Çatışmaların patlak verdiği 2022 yılından bu yana Türkiye, taraflara eşit mesafede durarak çatışmanın dışında bir denge alanı kurmaya çalışmıştır. NATO üyesi olması ve Karadeniz'e komşu bir ülke olarak güvenlik kaygıları, Ankara'nın diplomasiye öncelik veren yaklaşımını gölgelemeye yetmedi. Bu bağlamda, Türkiye'nin barış için attığı adımlar, "denge politikası" klişesinin ötesine geçerek bir dış politika felsefesine dönüşmüştür: "Taraf olmadan adil olunabilir."
ÇOK KUTUPLU DÜNYADA TEKİL BİR SES
Uluslararası sistemin çok kutupluluğa evrildiği, ittifakların gevşediği, güvenliğin yeniden tanımlandığı bir dönemde Türkiye, doğuyla batı, kuzeyle güney arasında köprü değil, ortak bir felsefe alanı açıyor. Bu felsefi zemin, sadece coğrafyanın sağladığı stratejik avantajla değil, iradeyle ve vizyonla inşa ediliyor.

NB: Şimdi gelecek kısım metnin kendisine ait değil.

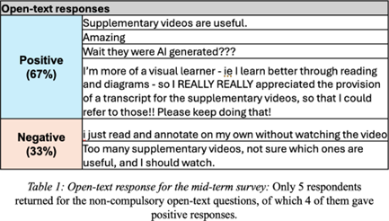 The findings from our student survey aligning with previous research (Chiu, 2023), support the feasibility of incorporating short, AI-assisted videos as a scalable, time-efficient supplement to traditional instruction. Despite positive feedback, a respondent found the number of supplemental videos overwhelming and struggled to identify the most relevant ones within the limited semester timeframe. Other than positive feedback, there was a comment on the overwhelming number of videos and uncertainty about which were relevant. This suggests a need for better organization of the videos, such as grouping by difficulty or linking to specific learning objectives. One student preferred a transcript due to his/her visual learning style. While transcripts could improve accessibility, they might reduce video engagement and risk spoon-feeding students, especially in an open-book course like LSM2233. Future improvements should aim to balance content delivery with diverse learning preferences.

NATO içinde yer almasına rağmen Batı'nın savaş körlüğüne kapılmadan dengeyi koruyabilmesi, Rusya'yla iletişimi sürdürürken ilkelerinden ödün vermemesi, Türkiye'yi benzersiz bir pozisyona taşımıştır. Bugün dünyada, hem Moskova'yla hem Kiev'le aynı anda konuşabilen, hem Washington hem Pekin nezdinde muhatap alınan kaç tane ülke var? Türkiye, bu ayrıcalıklı kulvarda yalnız yürümektedir.
SAVAŞIN GÖLGESİNDE YÜKSELEN DİPLOMASİ
Cumhuriyetin ikinci yüzyılına girerken Türkiye, sadece coğrafi konumunun değil, tarihsel mirasının ve stratejik aklının da hakkını veriyor. Osmanlı'dan devralınan çok taraflılık geleneği, Cumhuriyet'in kuruluş idealleriyle birleşerek özgün bir diplomatik vizyon yaratıyor. Bu vizyon, yalnızca kriz çözmekle yetinmiyor; yeni bir barış mimarisi kurmayı hedefliyor. Türkiye artık masada pozisyon alan değil, masa tasarlayan bir devlettir.
Barış çağrısı yapan pek çok ülke olmuştu. Fakat barış için somut zemin kurabilen yalnızca Türkiye oldu. Bu nedenle artık şu cümleyi açıkça söylemenin zamanı gelmiştir: Diplomasinin kalbi İstanbul'da atıyor, yönünü ise Ankara belirliyor. Tarih, kriz anlarında verilen sınavlarla yazılır. Türkiye, bu savaşta barışı savunarak tarih önünde sınavını başarıyla vermeye devam etmektedir.
SAMİMİYETİN YENİ ADRESİ: TÜRKİYE
Türkiye'nin bu süreçte sergilediği duruş, sadece bir barış çağrısından ibaret değildir; bu, aynı zamanda yeni bir bölgesel güvenlik mimarisinin inşasına yönelik stratejik bir vizyonun parçasıdır. Türkiye, kriz anlarında sadece doğruyu söyleyen değil, risk alarak sorumluluk üstlenen bir aktör olarak davranmıştır. Bu yaklaşım, diplomasiyi söylemden çıkartıp sahada var eden bir jeopolitik kararlılık örneğidir.
Türkiye, kendi güvenliğini başka ülkelerin istikrarından bağımsız görmeyen, komşu coğrafyalarda barış olmadan kendi kalkınmasının da eksik kalacağını bilen bir anlayışla hareket etmektedir. Barıştan yana alınan inisiyatif, sadece anlık krizleri değil, geleceğin dengelerini de şekillendirecek niteliktedir. Bu yönüyle Türkiye, yeni dünyanın güvenliğini kurgulayan kurucu bir aktördür.